_Material provided_:
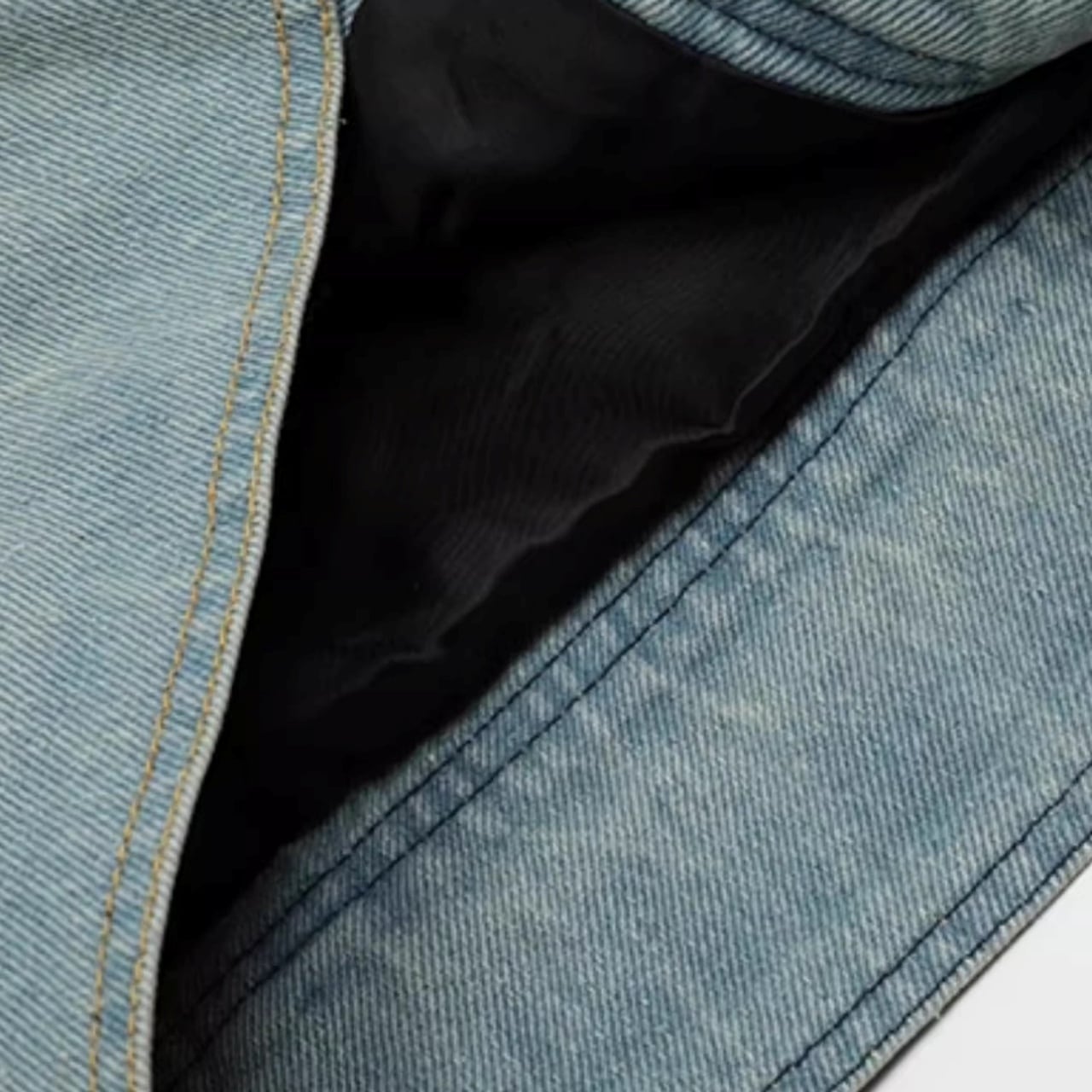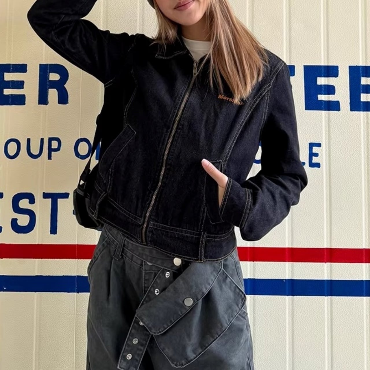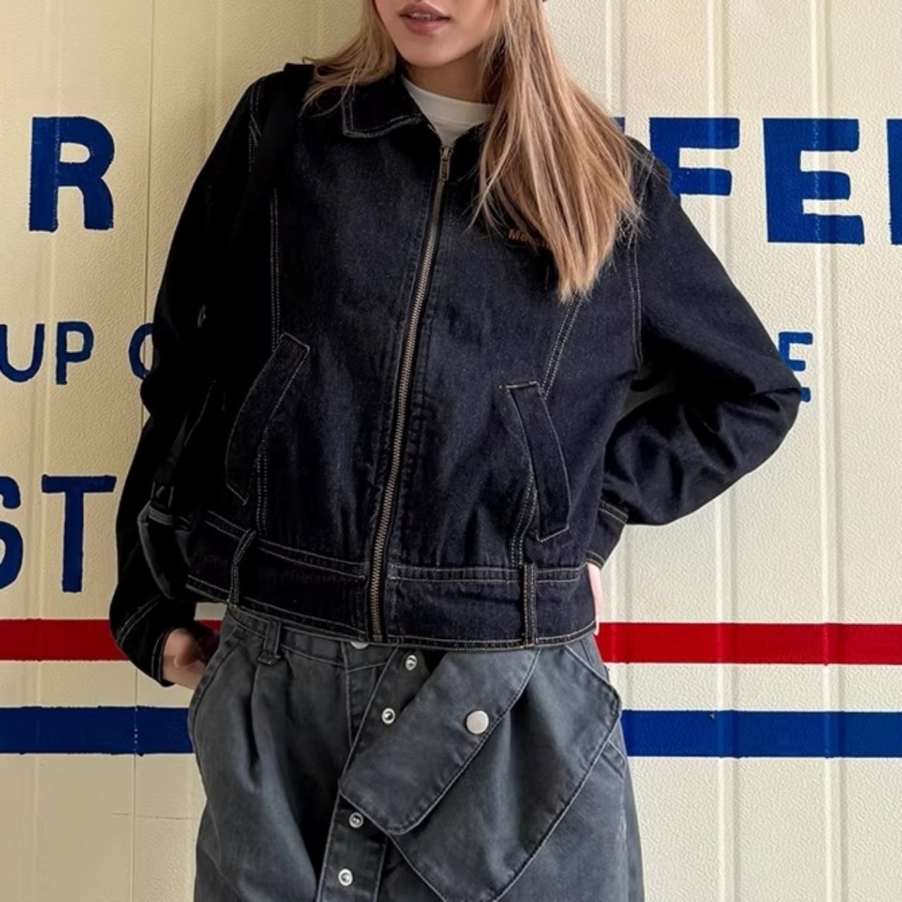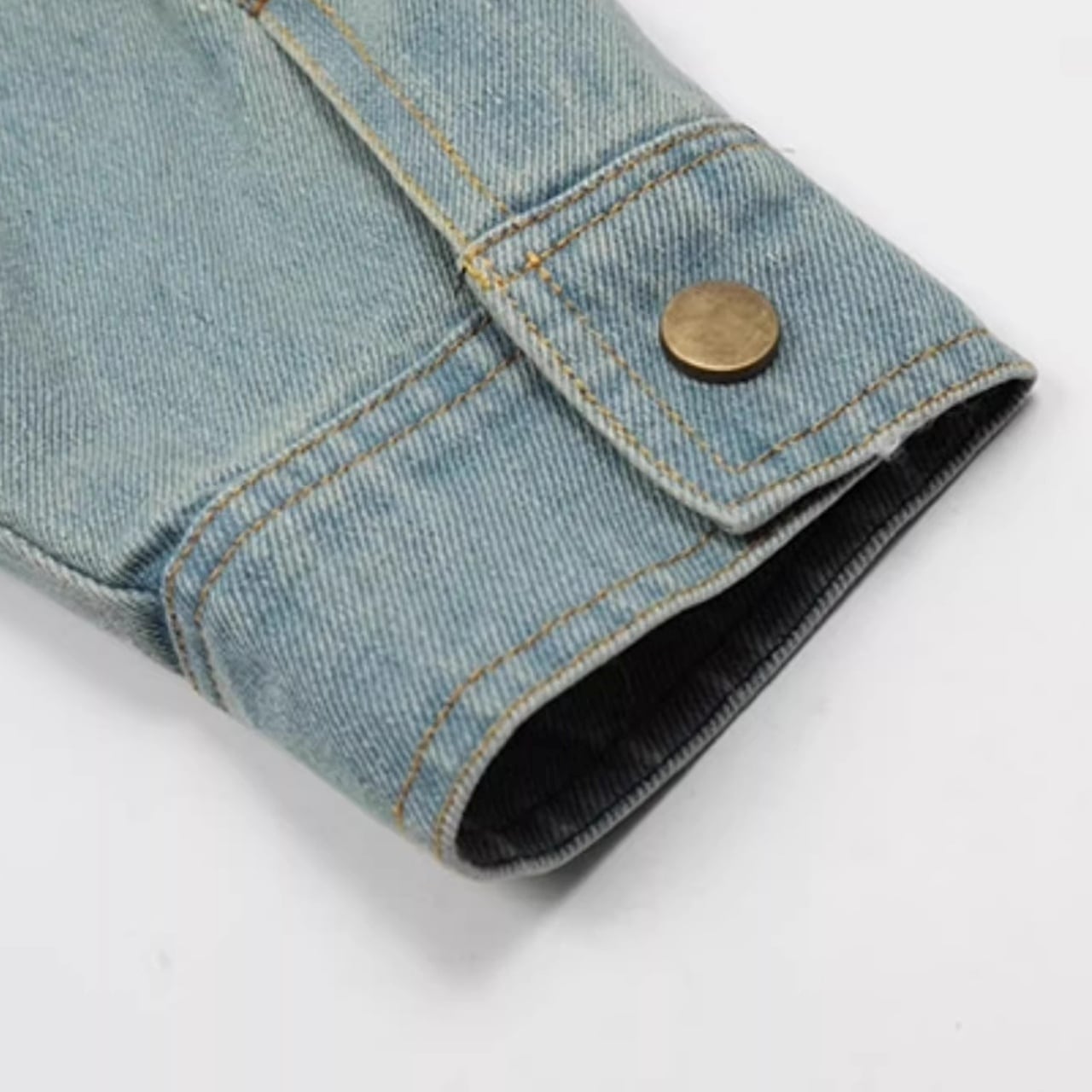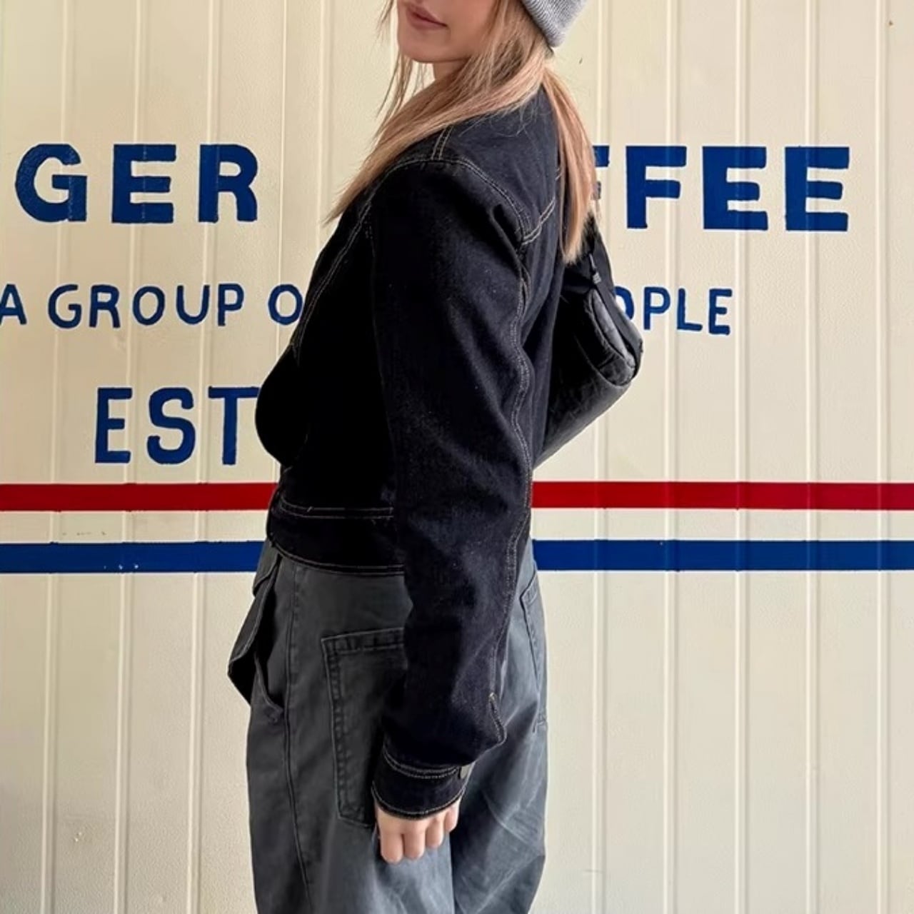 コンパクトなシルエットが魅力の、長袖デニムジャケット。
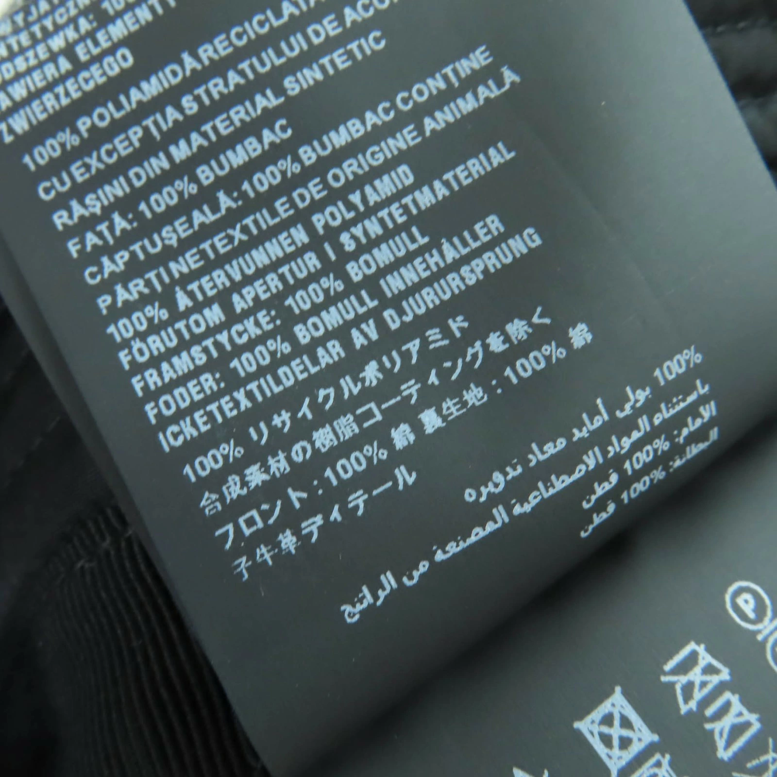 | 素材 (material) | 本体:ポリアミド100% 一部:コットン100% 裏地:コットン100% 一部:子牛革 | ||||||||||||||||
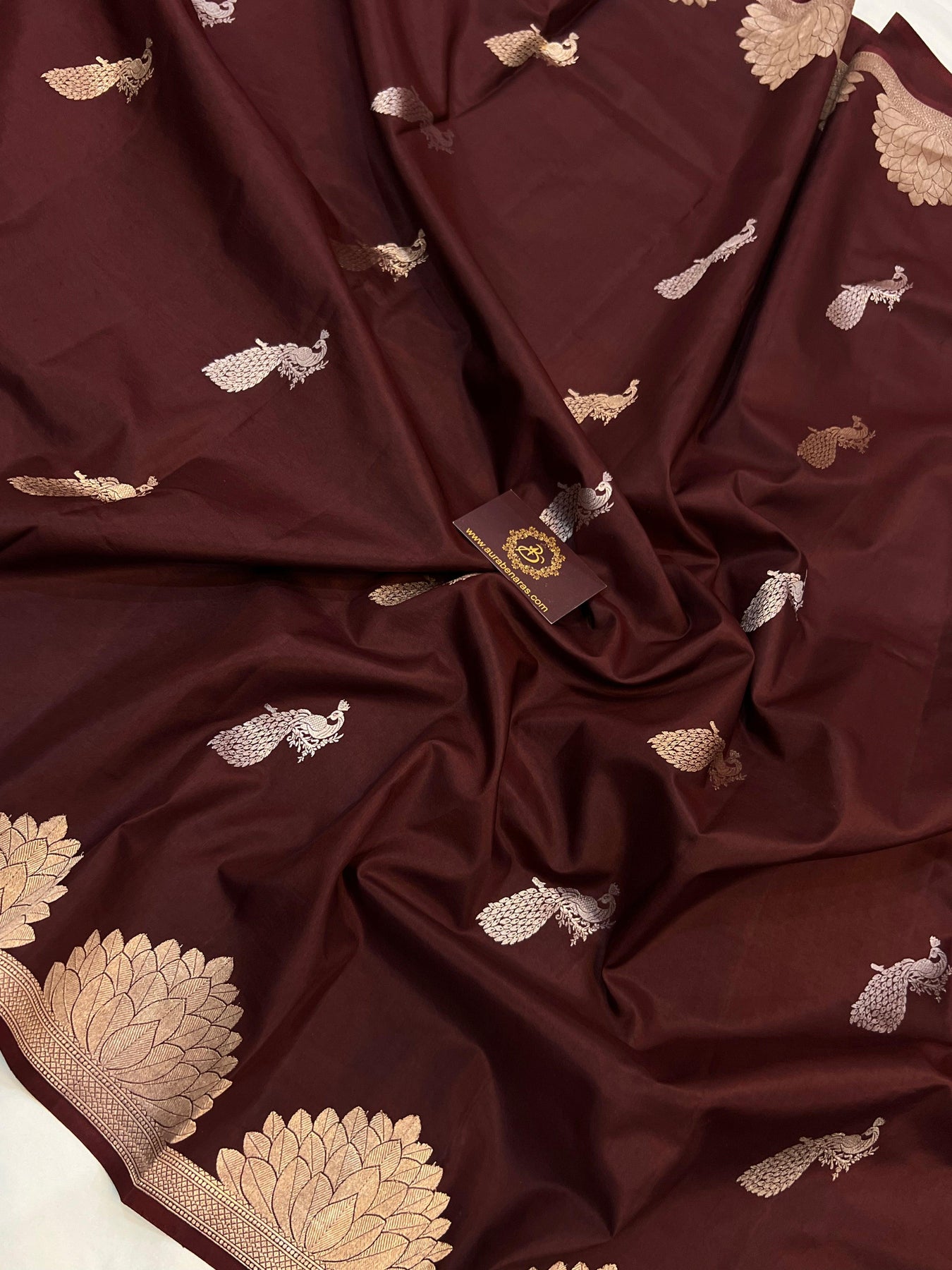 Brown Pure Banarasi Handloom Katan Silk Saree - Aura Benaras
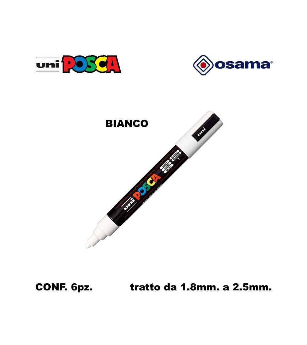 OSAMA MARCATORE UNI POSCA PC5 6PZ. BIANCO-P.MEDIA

_Task to complete_: Copy out the lines exactly as written, beginning with the one that contains "一部:子牛革 | ||||||||||||||||" and ending with the last line of the material; do not include pictures.

_Task solution_:
 | 素材 (material) | 本体:ポリアミド100% 一部:コットン100% 裏地:コットン100% 一部:子牛革 | ||||||||||||||||
 Brown Pure Banarasi Handloom Katan Silk Saree - Aura Benaras
 OSAMA MARCATORE UNI POSCA PC5 6PZ. BIANCO-P.MEDIA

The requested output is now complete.